L'annonce a eu lieu à midi passé de quelques minutes: Ueli Maurer va quitter le Conseil fédéral. «Ma famille était au courant depuis 18 mois», a confié le ministre des Finances sur le départ. Après quatorze années de Conseil fédéral, le Zurichois dit vouloir «faire autre chose». Que cache ce départ surprise? L'analyse de Sermîn Faki, cheffe de la politique à Blick.
Peut-on dire que ce départ est une «surprise»?
C'est une excellente question. Dans un sens, le fait qu'un conseiller fédéral prenne sa retraite à 71 ans n'est pas étonnant. Le timing de l'annonce et surtout sa méthode me surprennent davantage.
Pourquoi?
Il a choisi le dernier jour de la session parlementaire pour l'annoncer. Il n'a même pas mis au courant le Parlement, ce qui est traditionnellement la coutume, mais a annoncé une conférence de presse personnelle.
A peine cette annonce a été officialisée que le carrousel des successeurs potentiels a démarré. Qui est en lice pour le 7 décembre?

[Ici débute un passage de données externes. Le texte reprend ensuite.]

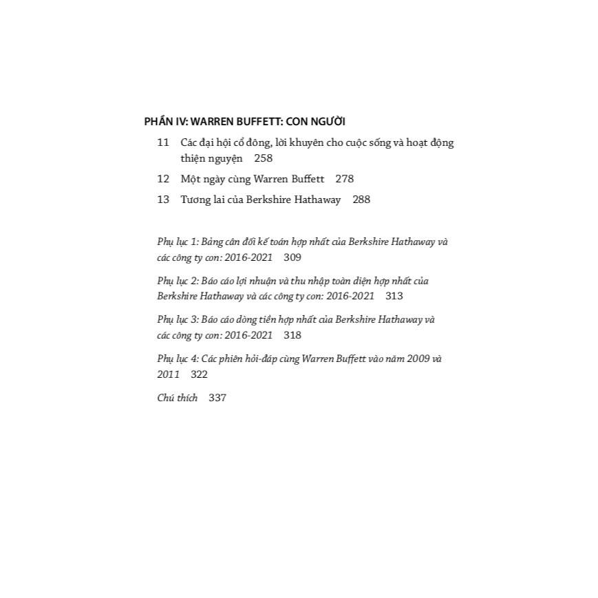 Sách - Warren Bufett Nhà Đầu Tư Và Doanh Nhân Khởi Nghiệp Warren Buffett có thể được coi là nhà đầu tư thành công nhất mọi thời đại. Là CEO và chủ tịch của Berkshire Hathaway, ông được ngưỡng mộ không chỉ vì thành tích trong lĩnh vực tài chính mà còn cả vì triết lý đầu tư của mình. Nhưng có một điều ít người biết về Warren Buffett là tuy là một nhà đầu tư nổi tiếng, nhưng một trong những bí quyết thành công của ông chính là điều hành Berkshire Hathaway với tinh thần khởi nghiệp. Trong cuốn sách này, tác giả Todd A. Finkle, một người bạn lâu năm của gia đình Buffett, sẽ cung cấp cho bạn những góc nhìn mới mẻ về sự nghiệp của Buffett trong tư cách một nhà đầu tư và doanh nhân khởi nghiệp. "Warren Buffett: Nhà đầu tư và doanh nhân khởi nghiệp" không chỉ chia sẻ câu chuyện hấp dẫn về thuở đầu lập nghiệp và những dự án kinh doanh của Buffett mà còn ghi lại những thương vụ đầu tư đã làm nên sự nghiệp của ông, từ việc bán kẹo cao su đến từng nhà thời thơ ấu đến thành lập Berkshire Hathaway và phát triển nó thành một tập đoàn toàn cầu như ngày nay. Finkle còn xem xét phương pháp đầu tư, chiến lược quản lý và triết lý quản trị của Buffett. Ngoài ra, ông cũng không quên người cộng sự lâu năm của Buffett, Charlie Munger, và những đóng góp của Munger cho thành công của Berkshire. Bên cạnh đó, cuốn sách cũng rút ra những bài học từ những sai lầm trong đầu tư của Buffett, và thông qua những thất bại này khám phá cách thay đổi hành vi, khắc phục thiếu sót và thiên kiến trong đầu tư. Không chỉ điều hành Berkshire Hathaway, Buffett còn nổi tiếng với việc làm từ thiện, lối sống giản đơn, cũng như những triết lý sống đề cao sự liêm chính và sống có ý nghĩa. Bên cạnh phương pháp đầu tư và kinh doanh, ta còn có thể học hỏi về ông với tư cách một con người, và cuốn sách đã không bỏ qua điều này. Từ việc nuôi dạy con cái, những cuộc gặp gỡ thường niên với sinh viên các trường đại học đến những phong trào từ thiện do ông đi đầu, bạn có thể tìm thấy thêm nhiều niềm cảm hứng từ ông.

Je pense à plusieurs noms qui seraient autant de candidatures valables. Il y a Magdalena Martullo-Blocher, la fille de l'ancien conseiller fédéral et figure de l'UDC Christoph Blocher. Si elle est partante, elle sera sans doute sur le ticket du parti. L'ancien président de l'UDC Albert Rösti pourrait aussi être une option. Il a adopté des postures allant au-delà du parti ces derniers temps, ce qui est peut-être un signe qu'il voulait envoyer. Ou Thomas Aeschi, qui a déjà tenté sa chance par le passé.
Que des candidatures alémaniques, donc...
Oui, ce sera sans doute un Alémanique. Ueli Maurer était d'ailleurs le représentant du canton de Zurich au Conseil fédéral — il y a presque toujours eu un Zurichois.
C'est un hasard, mais Blick a publié ce matin un grand «pari» des présidents de parti sur un Parlement qui doit devenir plus féminin. Vous n'avez cité qu'une femme.
C'est vrai! Esther Friedli, la compagne de Toni Brunner, risque, elle aussi, de retrouver son nom au centre des discussions. Mais je n'exclus pas que Toni Brunner lui-même puisse se mettre à disposition du parti. A l'UDC, beaucoup lui voient les épaules très solides pour ce mandat. Il est extrêmement apprécié par la population, ou du moins par l'électorat UDC.
Mais c'est le Parlement qui devrait l'élire.
Oui, mais la sympathie auprès de la population est fondamentale lorsqu'il s'agit d'un UDC.
Ce sont encore des plans sur la comète. Revenons à Ueli Maurer: il a dit qu'il avait «envie d'autre chose», mais sans développer. A quoi faisait-il référence selon vous?
Il a tout de même dit qu'il avait envie de se remettre au sport. C'est un élément de réponse: dès qu'il peut, il enfourche son vélo ou fait du ski de fond en hiver. Il a aussi dit qu'il voulait lire davantage, en parlant de livres évidemment. On connaît son amour pour les médias... Et voyager. En somme: «redevenir Ueli», comme il l'a dit. Sans oublier la famille: il a six enfants.
Même s'il acceptera de donner son avis, comme il l'a répondu, il compte rester en retrait de la vie politique. Avec autant d'amis et de contacts dans le parti, vous pensez que ce sera possible?
Oui, je l'ai trouvé très sincère dans cette conférence de presse. Et il n'est pas du genre à venir donner son avis en permanence. S'il dit que ça lui a manqué de pouvoir marcher à Berne sans se faire apostropher et qu'il veut «redevenir Ueli», alors c'est le cas.
Ueli Maurer n'a pas été tendre avec les médias: il a dit qu'il s'informait seulement via le Teletext et qu'il ne pouvait pas supporter d'écouter plus d'une minute la radio dans sa voiture.
Ces déclarations ne m'ont pas vraiment surprise. Il a gardé la même ligne tout au long de sa vie politique: la provocation et la défiance envers les médias. Ce que j'ai davantage retenu, c'est lorsqu'il a pris sa posture d'homme d'Etat.
C'est-à-dire?
Il a profité de cette dernière intervention — il a d'ailleurs dit qu'il ne donnerait pas d'interview — pour dire son inquiétude sur la division de la société en Suisse et pour faire un ultime appel à l'économie envers le Parlement, trop dépensier aux yeux de l'expert-comptable qu'il est. Pour moi, cette conférence de presse a parfaitement reflété l'ambivalence d'Ueli Maurer.